China will cut import tariffs on cars and auto parts from July 1, the Ministry of Finance announced yesterday.

China will cut import tariffs on cars and auto parts from July 1, the Ministry of Finance announced yesterday.

Import tariffs will be cut to 15 percent from 25 percent for most vehicles from July 1, the ministry said in a statement. 

Import tariffs on auto parts would be cut to 6 percent from 8 percent.

“Lowering auto import tariffs is a major step for China to further expand its reform and opening-up,” the ministry said.

“It will also promote supply-side structural reform, accelerate the industry upgrade of automobile sector, meet diversified needs of Chinese consumers, and guide auto product producers to improve quality and efficiency.”

After the reduction, the average tariff rates for vehicles and auto parts will be 13.8 percent and 6 percent, respectively.

The latest move will boost foreign car manufacturers, especially those companies which import premium and high-end vehicles to China. Some of the automakers said they welcome the new policy.

Luxury carmaker BMW said the company “highly welcomes the government’s announcement.”

“It’s a strong signal that China will continue to open up. This will certainly benefit the customer and boost market to an even dynamic level. We will review our manufacturer’s suggested retail price system and take active response,” the German carmaker said in a statement.

Volkswagen’s luxury subsidiary Porsche told Shanghai Daily that it welcomes the tariff reduction policy.

“We believe it shows the world a further open market of China. More importantly, Chinese customers will have the chance to enjoy an even optimized price and pursue more personalized options when buying a car,” the German carmaker said.

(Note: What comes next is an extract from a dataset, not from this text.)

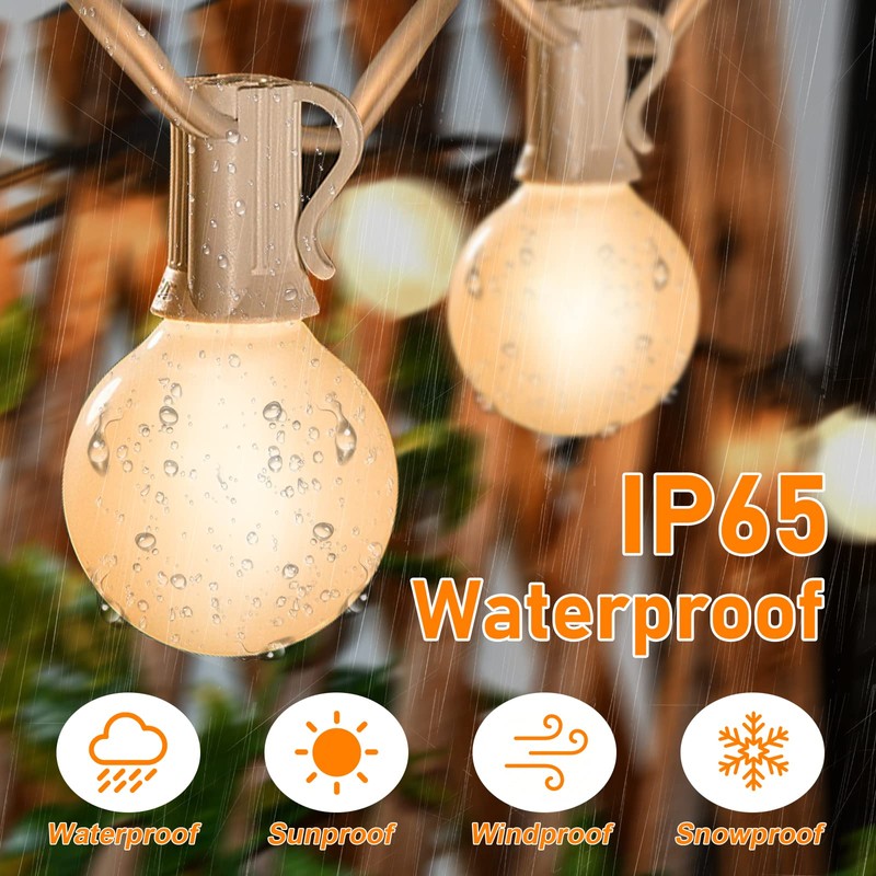 - Energy Saving LED Bulbs: Led outdoor lights string come with 27 frosted white led lights bulbs. G40 Frosted white globe led bulbs made of plastic, much shatterproof than traditional glass bulbs. Each frosted led bulbs 0.6W, low working temperature, no heat, safe to touch, saving 90% energy efficient.
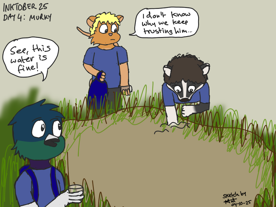With a switch from the 'Lolitober' prompt list to the main 'Inktober' one, we once again find ourselves in the company of these three intrepid (aka, lost) explorers.

Porsche said it has already started the evaluation process for the necessary price adjustment based on the new tariff policy.

Japan’s Toyota said it would adjust retail prices for imported cars that benefited from the lower tariffs.

A Yokohama-based executive at Nissan said: “Benefits are huge for our business, especially Infiniti,” referring to the Japanese firm’s premium brand.

A Shanghai-based spokesman for Ford Motor said the US carmaker welcomed the new tariff policies, but declined to comment further.

At the annual Boao Forum last month, China unveiled a series of plans that included easing foreign equity restrictions in the automobile industry and significantly lowering import tariffs on vehicles.

“In manufacturing, China has basically opened up this sector with a small number of exceptions like automobiles, ships and aircraft,” Chinese President Xi Jinping said at the forum.

“These industries are now in a position to open up. Going forward, we will reduce as soon as possible limits on foreign investment in these industries, automobiles in particular.”

This year, China will ease restrictions on shares that foreign automakers can own in joint ventures of new-energy and special-purpose vehicle firms.

In 2020, the country will relax foreign ownership limits in joint ventures that produce commercial vehicles.

In 2022, China will scrap rules that limit foreign automakers to no more than two joint ventures with Chinese partners.